Thursday, November 13, 2014

Creating a startup is like half waking up in your sleep. You're thinking about a million different things, you feel an unknown anxiety, and you can't figure out why your arms don't work. At least that's been my experience with it so far.

In this blog I'm going to chronicle my experience/obsession with creating a startup. Myself, along with two friends, recently founded Tript Technologies. Hopefully there will be some enlightening moments come from saving my thoughts and experiences here in this blog.

Everyone says don't start a startup just to start a startup. Let me rephrase that. I heard Sam Altman say that in a Y Combinator lecture. I understand their notion that you should do it to solve an underlying problem or because you have a revolutionary idea that you strongly believe in. I agree that it requires a certain amount of conviction to lay yourself out there and take the risk to create, share, and innovate. With that being said, I'm not patient enough to take Sam's advice.

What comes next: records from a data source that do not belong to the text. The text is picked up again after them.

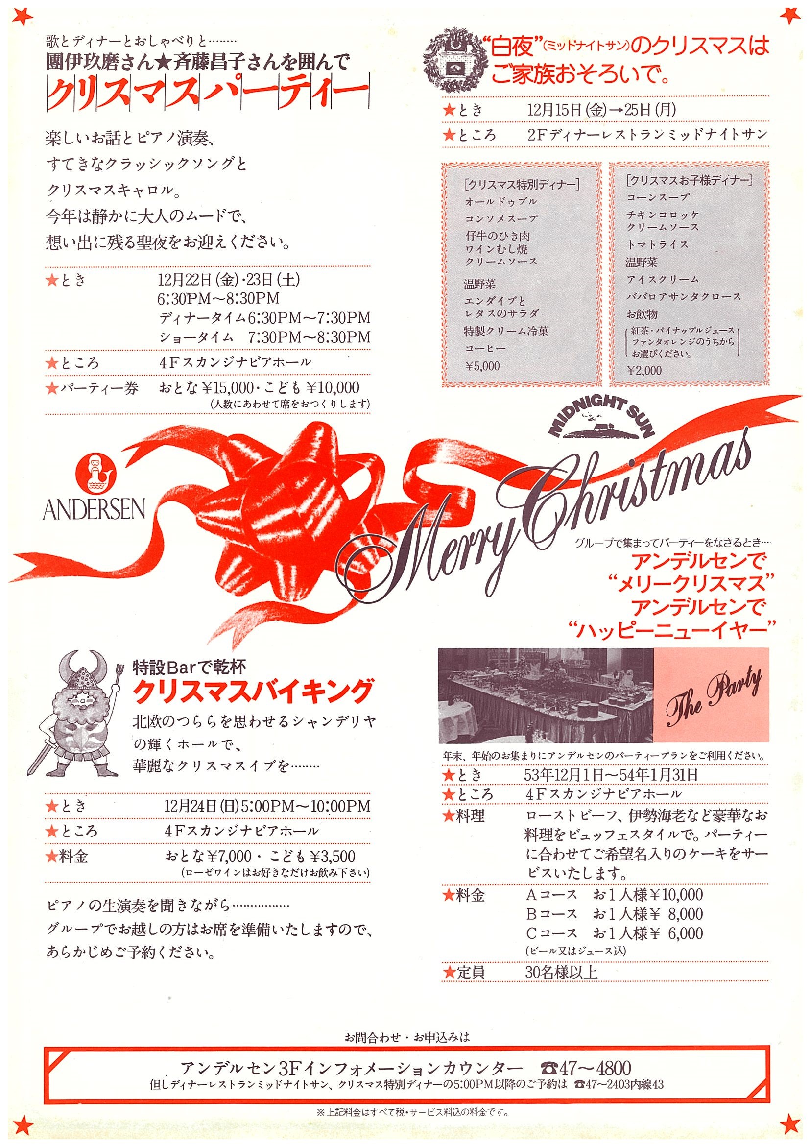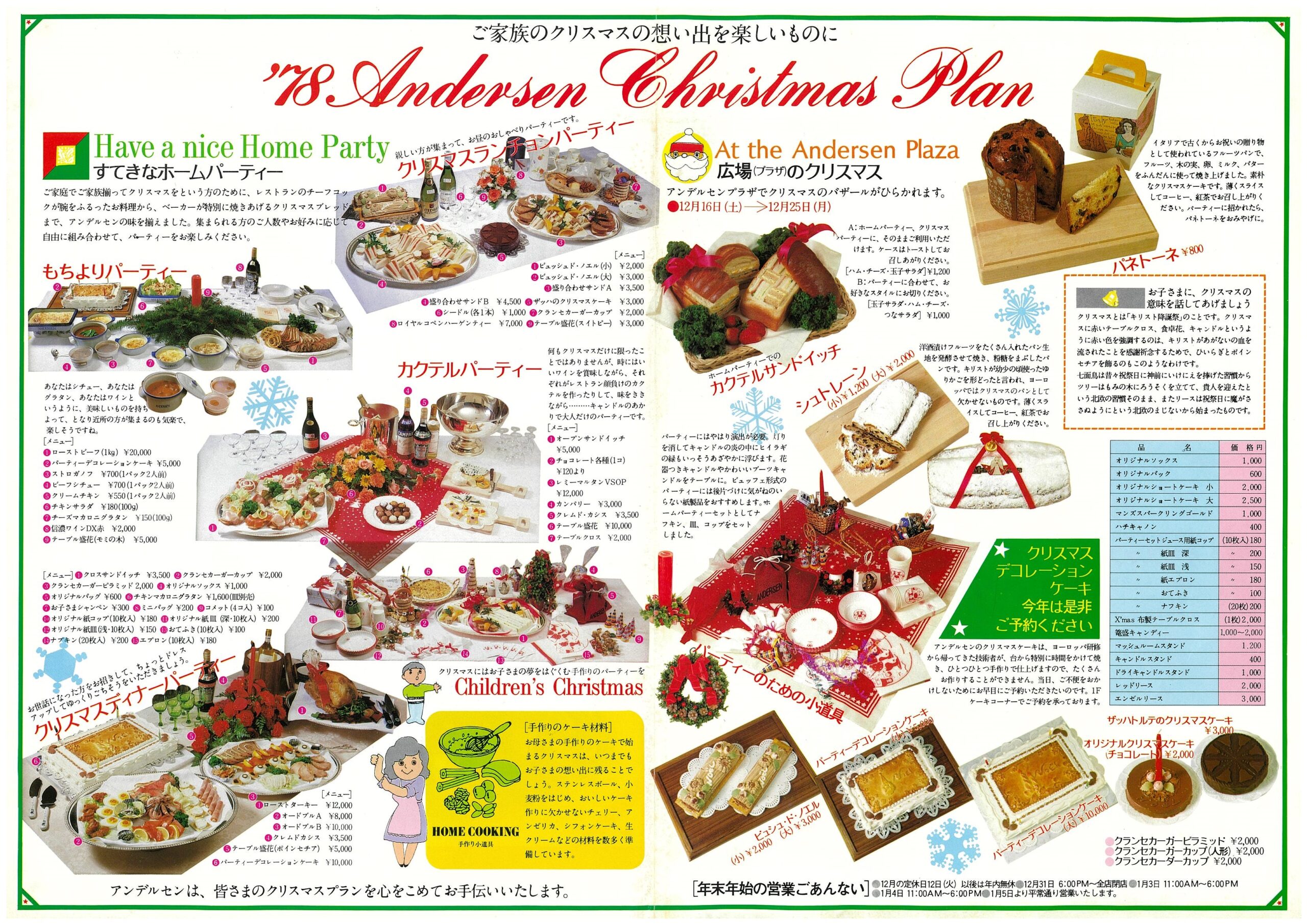 「ご家庭でご家族揃ってクリスマスをという方のために、レストランのチーフコックが腕をふるったお料理から、ベーカーが特別に焼きあげるクリスマスのパンまで、広島アンデルセンの味を揃えました。集まられるかたのお人数やお好みに応じて自由に組み合わせて、お楽しみいただけます。」<上記リーフレットより>
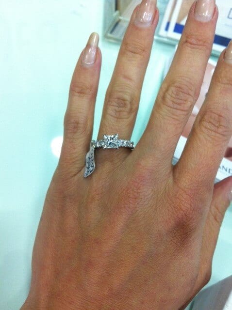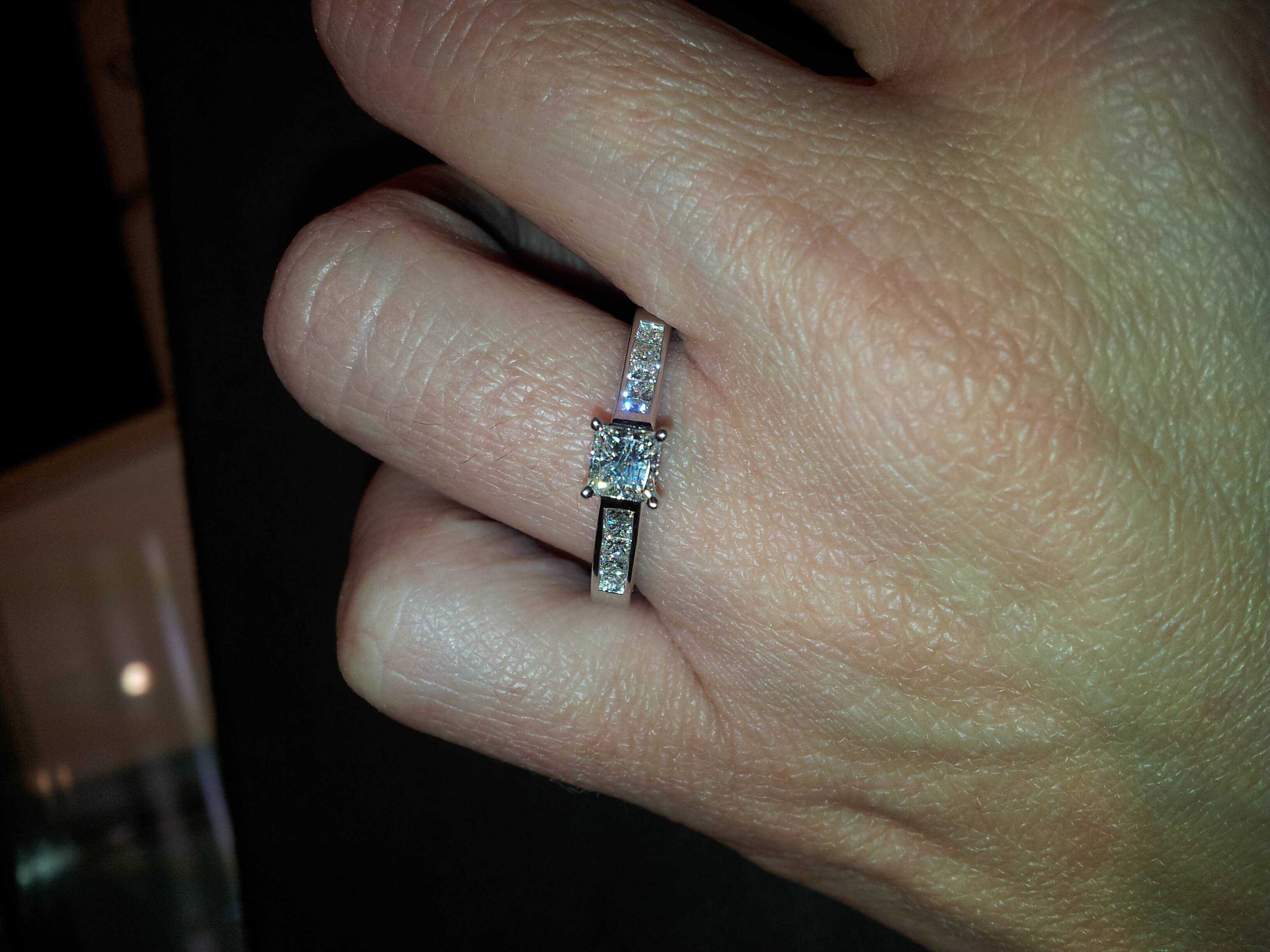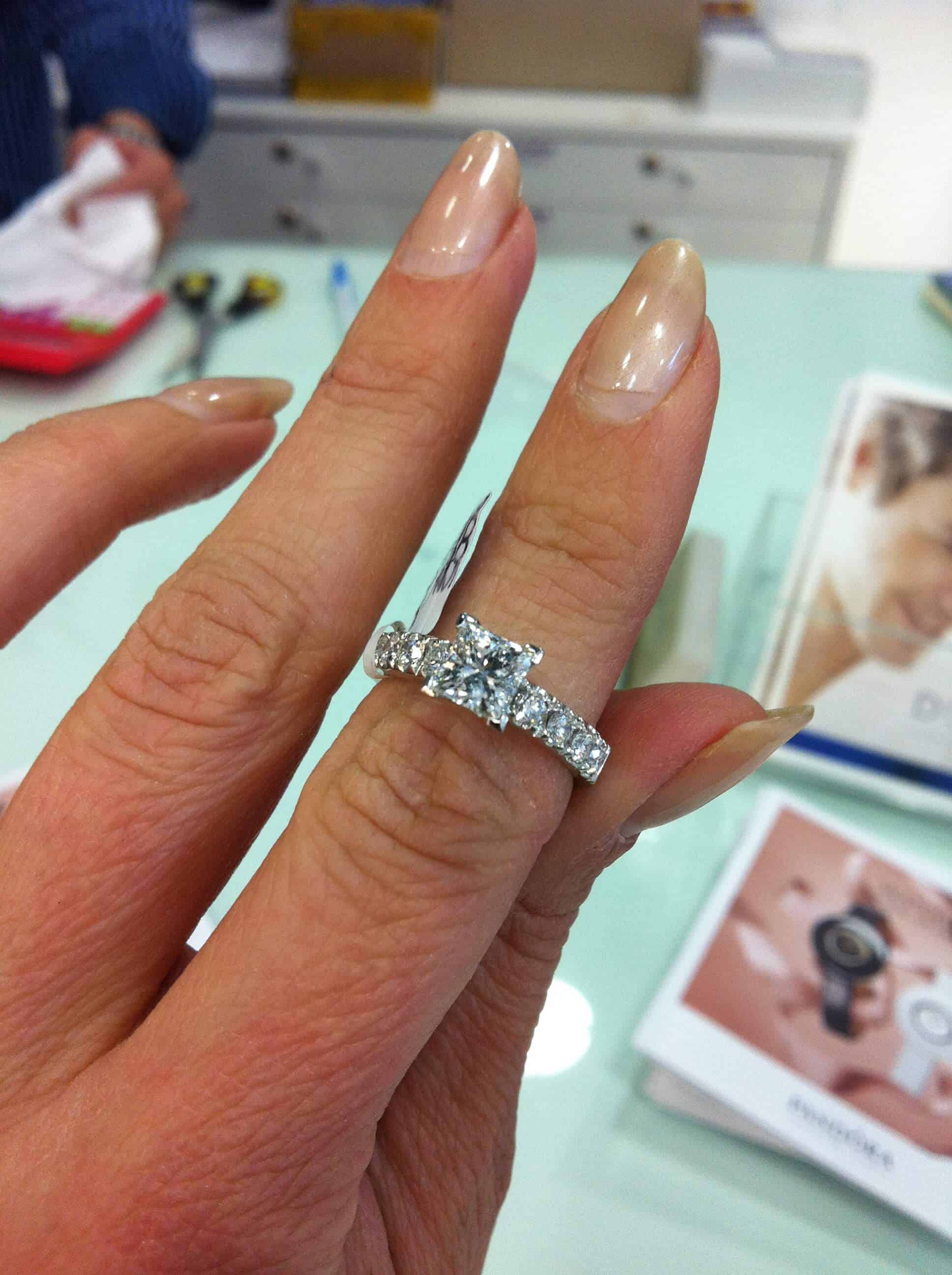 I am searching for a diamond engagement ring. My fiance to be would like a princess cut close to but under 1 carat in size. She also wants brilliant cut diamonds on both shoulders. The exact amount I am not sure, one ring she looked at had 5 diamonds on each shoulder. To me and i might be wrong but its all about symmetry and proportionate sizing to give optimum balance.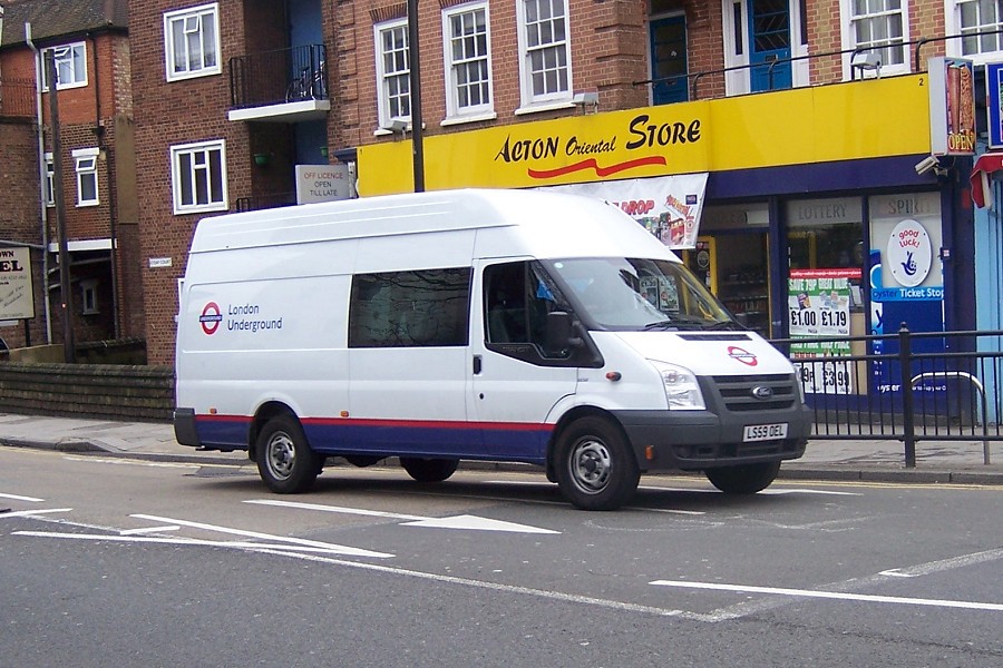 Details: This smart-looking Ford Transit jumbo crew van has been reported three times already, and the fleetnumber has never been caught! Sadly this photograph was not sharp enough to help. Taken at Acton Town station on 25th February 2010 |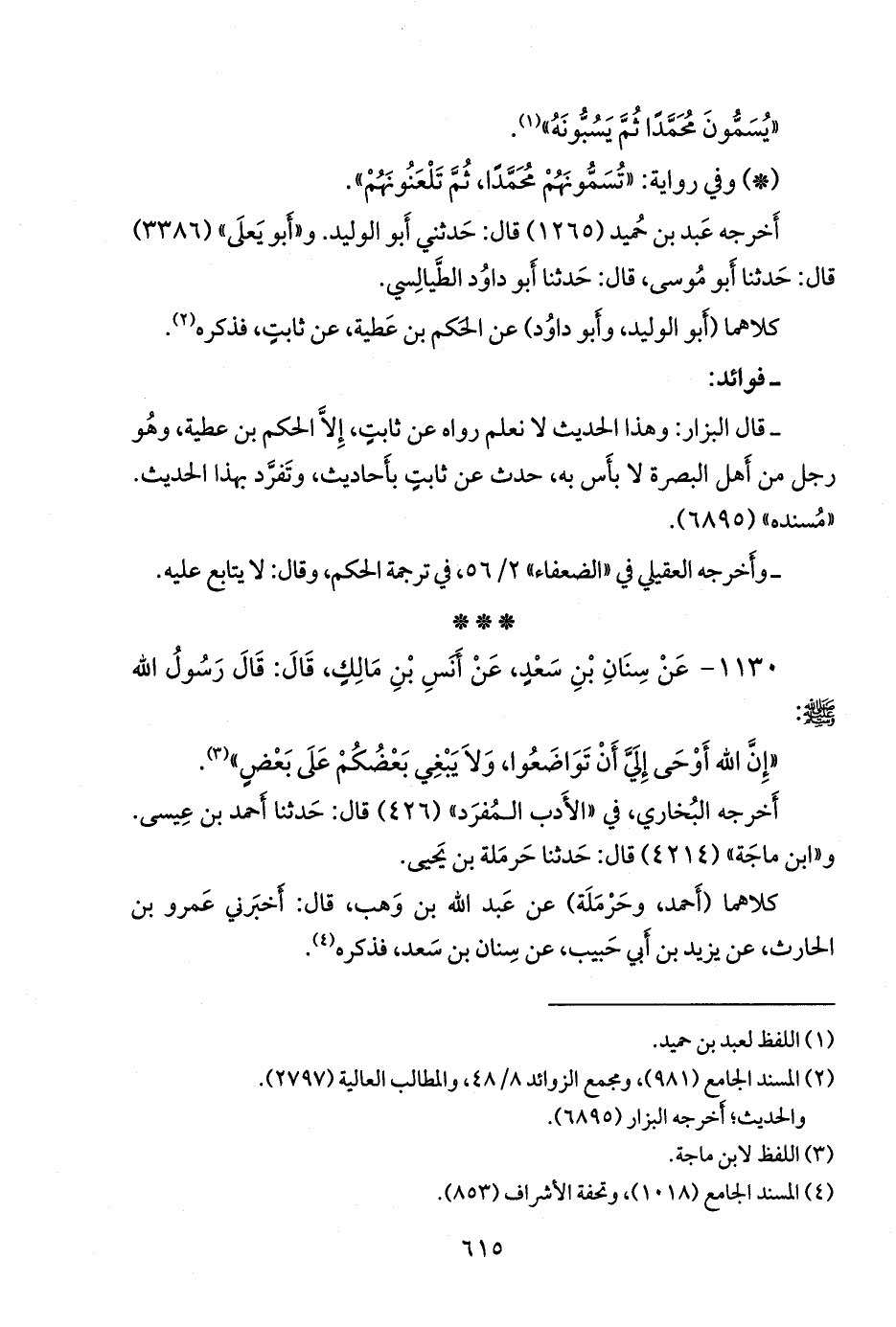 ١١٣٠ - عن سنان بن سعد، عن أَنس بن مالك، قال: قال رسول الله صَلى الله عَليه وسَلم: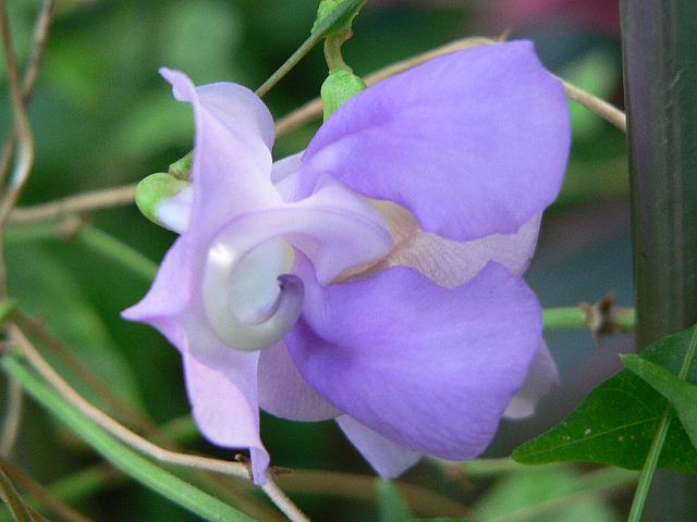 葉の脇から総状花序(柄のある花が花茎に均等につく)を出し、花径4センチくらいの淡い紫色をした蝶形の花を数輪つける。
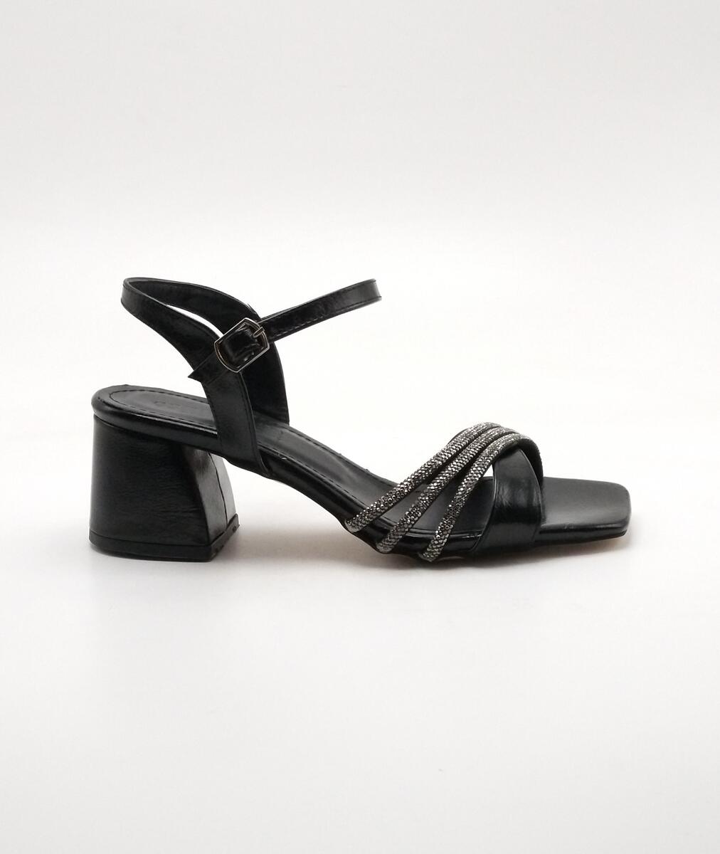 Y-430 METALİK KIRIŞIK SİYAH SANDALET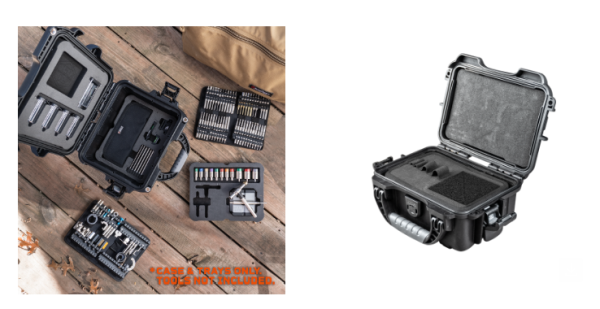 The Fix It Sticks Nanuk® 905 Case is built to hold nearly every tool that Fix It Sticks makes while keeping them securely in place and protected. The custom-cut foam trays, molle panels with bit holders allow customized organization and workflow. An impact-resistant ABS shell, water-resistant and dust-proof seal protect all the tools from impacts, water, dust, etc. This Nanuk 905 case is compact for the amount of Fix It Sticks tools it can carry, weighing under 10 lbs full loaded* and measuring 13” wide x 11” tall x 6.5” deep.
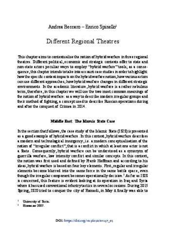 This chapter aims to contextualise the notion of hybrid warfare in three regional theatres. Different political, economic and strategic contexts offer to state and non-state actors peculiar ways to employ “hybrid warfare” tools; as a consequence, this chapter intends to take into account case studies in order to highlight: how the specific context impacts on the hybrid warfare notion; how various actors can use different approaches; how hybrid warfare changes in different strategic environments. In the academic literature, hybrid warfare is a rather nebulous term, therefore, in this chapter we will use the two most common meanings of the notion of hybrid warfare: as a way to describe modern irregular groups and their method of fighting; a concept used to describe Russian operations during and after the conquest of Crimea in 2014.

As a company we are founding from the outside in. We know we want to be entrepreneurs. We know we have the tolerance for risk, the drive to succeed, and the capacity to create. The three of us have been moderately successful in our brief careers, so we have more than enough confidence. The one thing we didn't have on day one? An idea. It started as Steven and I complaining about how we did not feel driven in our current positions at our companies. We begun brainstorming and soon after brought James into the mix. We have formed some ideas, we've defined our roles in the organization, we've begun developing a product, and we are beginning the process of incorporating...in Delaware. So we may be going about it ass backwards, but we are still going about it.

This blog will hopefully serve as an education to some and a source of amusement to all.

I'd like to think Stanford University, Y Combinator, Sam Altman, Paul Graham, Peter Thiel, and Elon Musk. Your videos and lectures are a huge source of inspiration.